Zimbabwean President Robert Mugabe attends the second session of the South Africa-Zimbabwe Bi-national Commission last month.

Zimbabwe's sidelined President Robert Mugabe, who has been under house arrest since a military takeover earlier this week, is refusing to step down, creating a potential crisis over his succession.

The military staged what it insists was not a coup, but rather a "bloodless correction," on Wednesday, saying its aim was not to target Mugabe himself, but the "criminals around him who are committing crimes." Several senior officials have been detained in the wake of the army's move, according to the BBC.

Even so, negotiations are underway to get Mugabe, who has ruled the former British colony since it gained independence 37 years ago, to voluntarily resign. At 93, he is insisting that he be allowed to serve out his term until elections next year.

But in an indication of how much things have changed in recent days, NPR's Ofeibea Quist-Arcton reports that the ruling ZANU-PF party, long viewed as Mugabe's personal fiefdom, is meeting Friday to work on a draft resolution that could lead to his impeachment next week.

Journalist Jeffrey Barbee tells Morning Edition that in the past few days, Zimbabwe has been "surviving on rumors."

"There's almost no security on the streets.

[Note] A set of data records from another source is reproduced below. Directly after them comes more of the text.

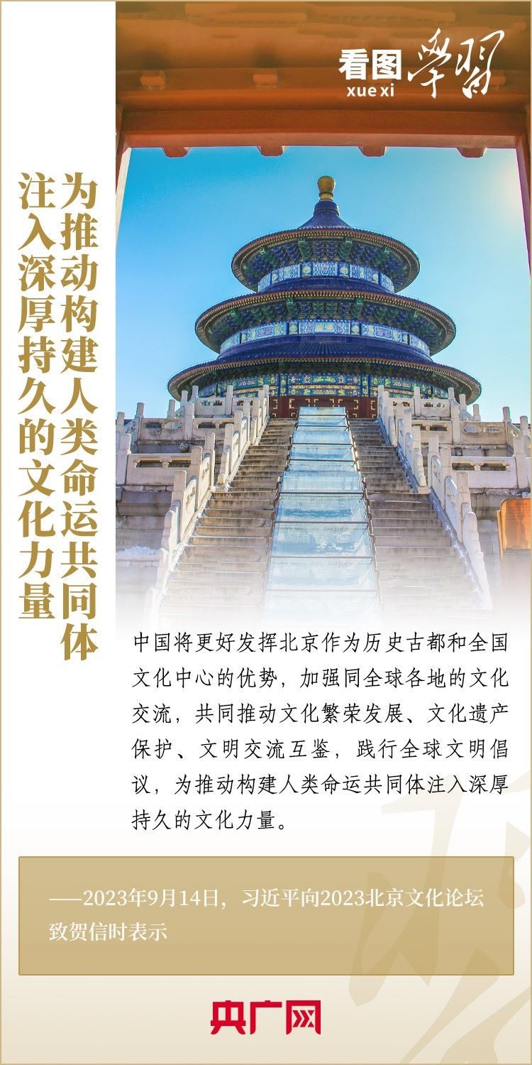 9月14日,以“傳承優(yōu)秀文化 促進交流合作”為年度主題的2023北京文化論壇在北京開幕。習近平主席向論壇致賀信表示,中國將更好發(fā)揮北京作為歷史古都和全國文化中心的優(yōu)勢,加強同全球各地的文化交流,共同推動文化繁榮發(fā)展、文化遺產(chǎn)保護、文明交流互鑒,踐行全球文明倡議,為推動構(gòu)建人類命運共同體注入深厚持久的文化力量。
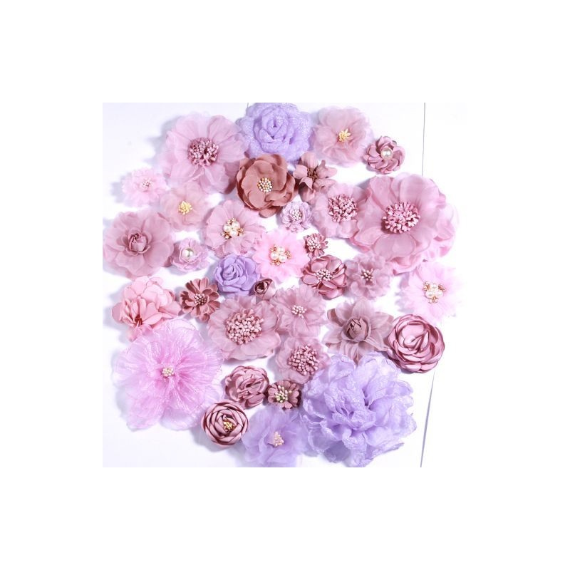 5Pcs Purple Pink Series Satin Chiffon Fabric Flowers For Baby Girls Headbands Head Flower For Hair Accessories Craft Projects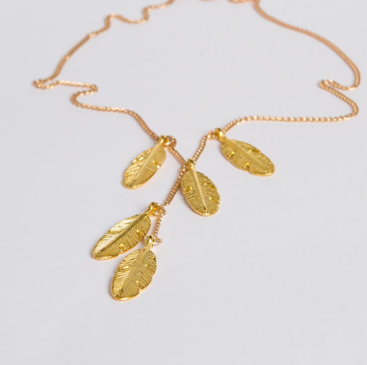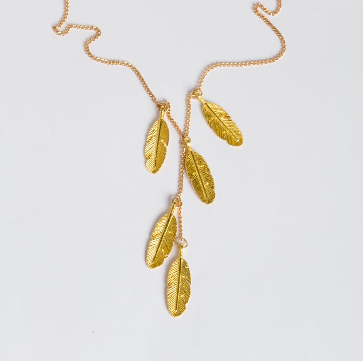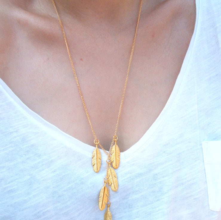 5 native American style feather charms hang at low chest level around a long gold chain with a centre chain drop creating a Y shape.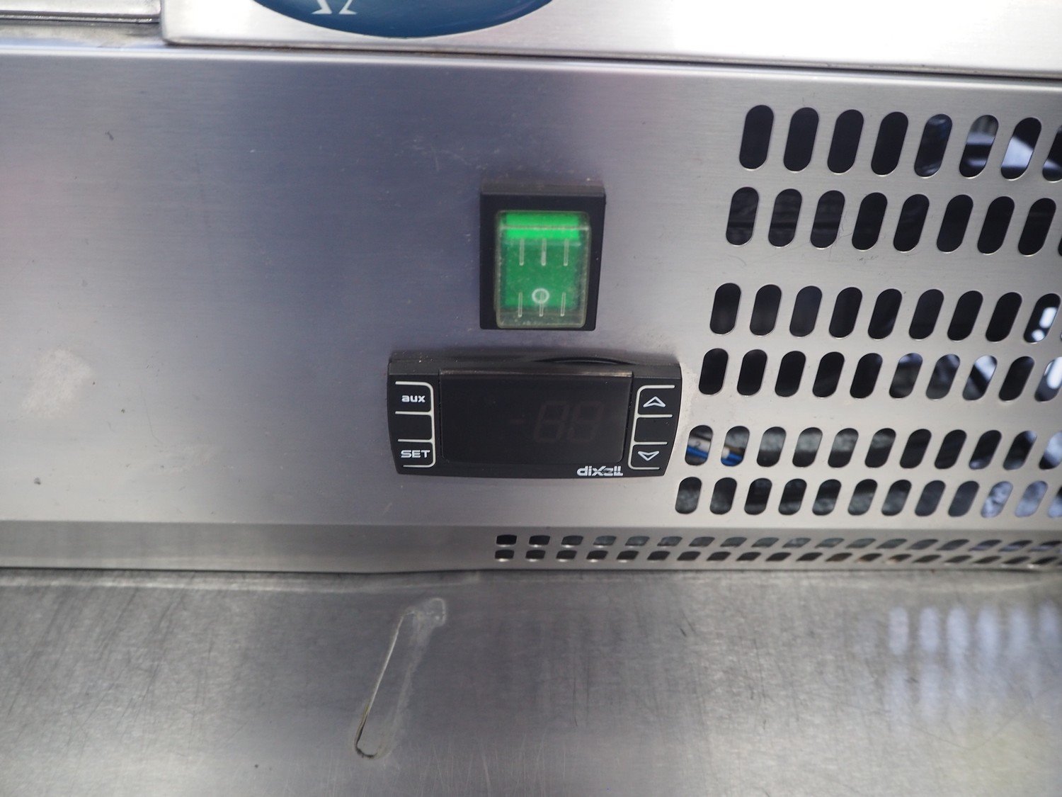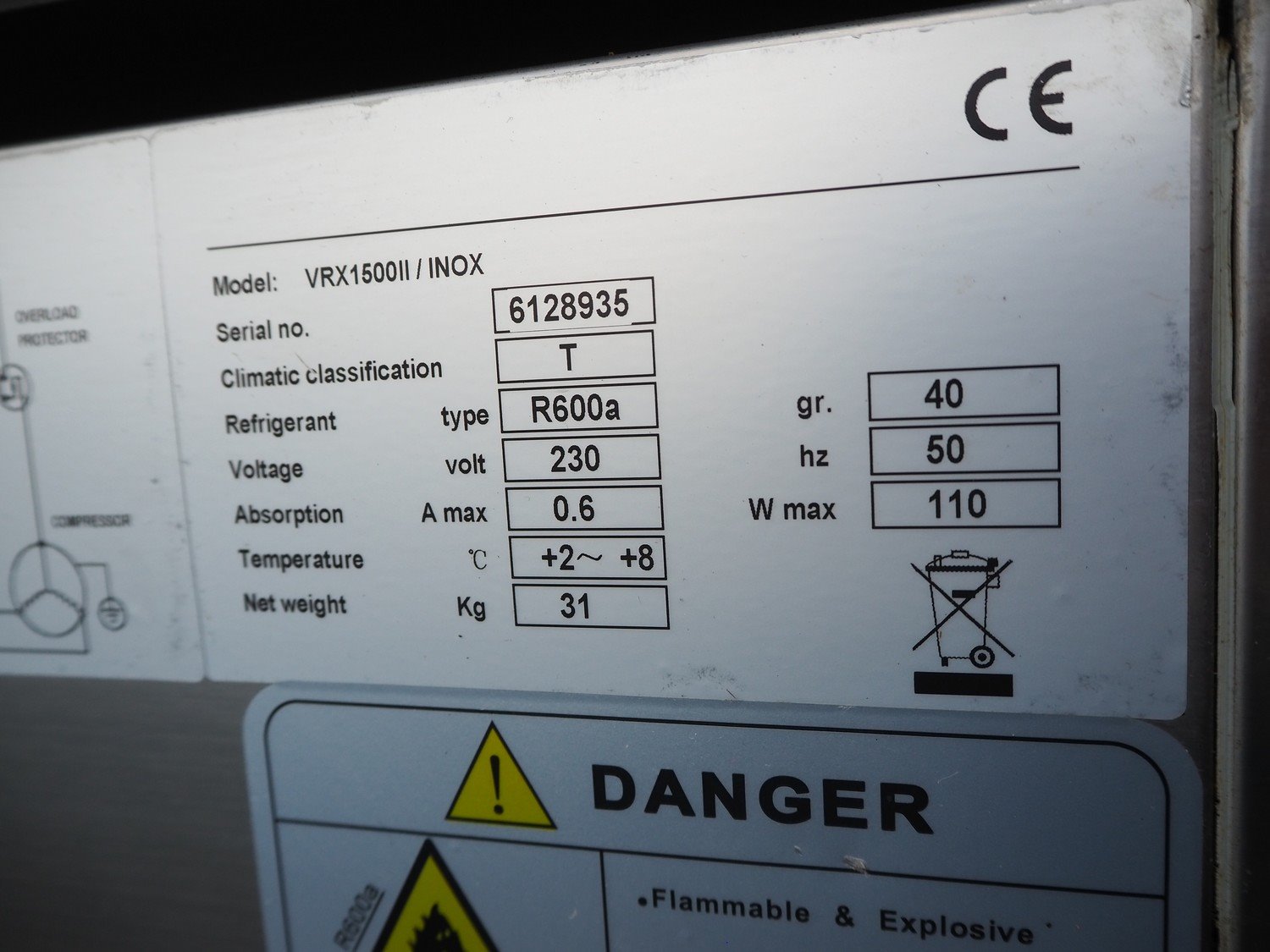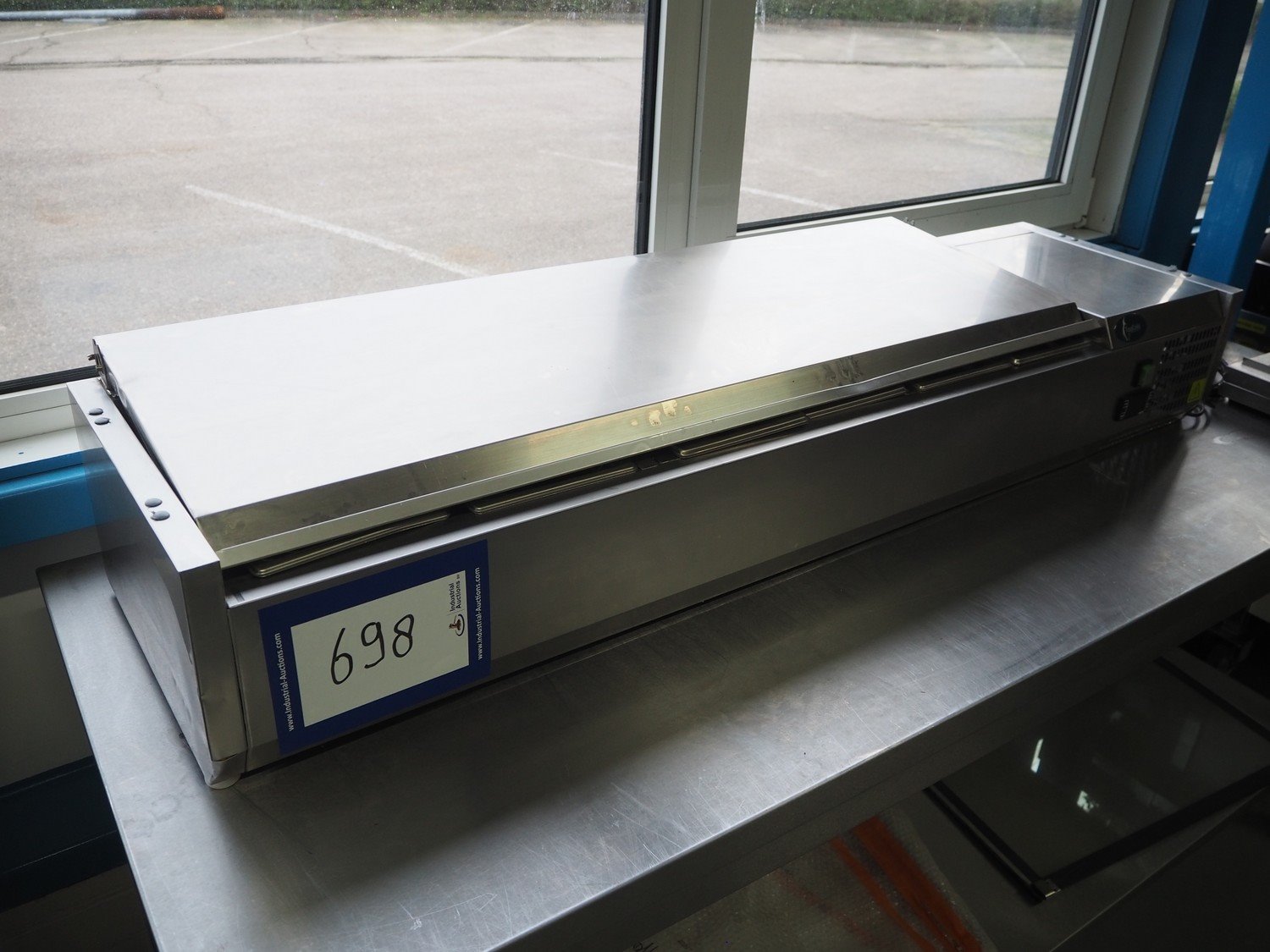 Topcold refrigerated showcase, model: VRX1500II/INOX, serial number: 6128935, year of construction: 07.2016, 230 V, 50 Hz, 0.6 A, 110 W, weight: 31 kg, refrigerant: R600a, dimensions: 1500 mm x 400 mm x 1280 mm.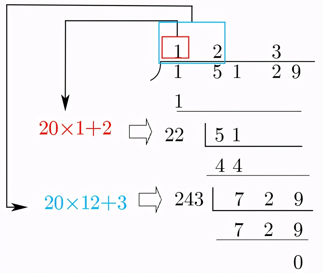 我们再举一例,求15129的平方根。先将数每两位分一节1,51,29;分成三节对应平方根是一个三位数(用字符abc表示),最高节1,对应根的最高位1(a=1),现在确定根的第二位和第三位(十位和个位),按照上例的方法确定根的第二位为2(b=2)。确定了b,接下来,再次相减,即把刚确定的(20a+b)b减掉,从而再次获得新余数7,然后下移两位,移下来组成新数729。因为(100a+10b+c)²=(100a+10b)²+2(100a+10b)c+c²=(100a+10b)²+20(10a+b)c+c²=(100a+10b)²+[20(10a+b)+c]c,所以再次将已经确定的根的前两位乘以20(即(10a+b)×20 )加c ,用这个数除729,来确定平方根的第三位c(即用[20(10a+b)+c]c来逼近729),从而可以确定根的第三位c=3。具体过程如下(算出15129的平方根是123):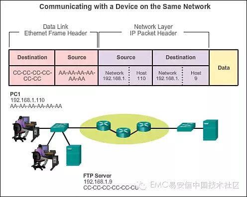 目的MAC地址:当发送设备与接收设备位于同一网络,即为接收设备的数据链路地址。本例中,FTP MAC地址:CC-CC-CC-CC-CC-CC。
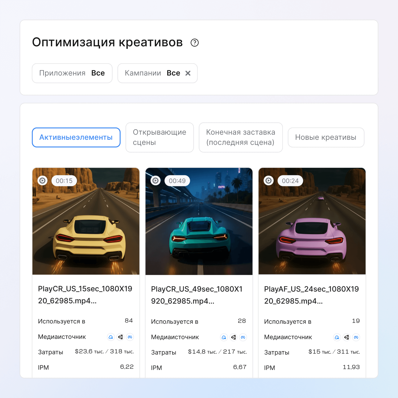 Автоматически выявляйте лучшие креативы во всех каналах и размещениях. См., какие видео, изображения и тексты приводят к реальным конверсиям, затем масштабируйте лучшие варианты и заменяйте слабые, пока они не начали «съедать» бюджет.

Everything is quiet," he says.

Since his government was toppled, Mugabe has been holed up with his wife, Grace, in his "Blue Roof" compound in the capital, Harare.

Despite his house arrest, Mugabe's motorcade on Thursday was seen leaving his home and proceeding to State House, where he was photographed meeting with military chief Constantino Chiwenga — the man who staged Wednesday's takeover — as well as South African ministers sent to help mediate the crisis.

Later, Mugabe arrived at a university graduation ceremony in Harare to deliver a speech, his first public appearance since the takeover.

The army's takeover came a week after Mugabe sacked Vice President Emmerson Mnangagwa to make room for his wife to assume leadership of the ruling party and the country's presidency.

After his removal, Mnangagwa, 75, who had been locked in an intraparty factional feud with Mugabe, fled to South Africa, where he vowed to challenge the president's authority.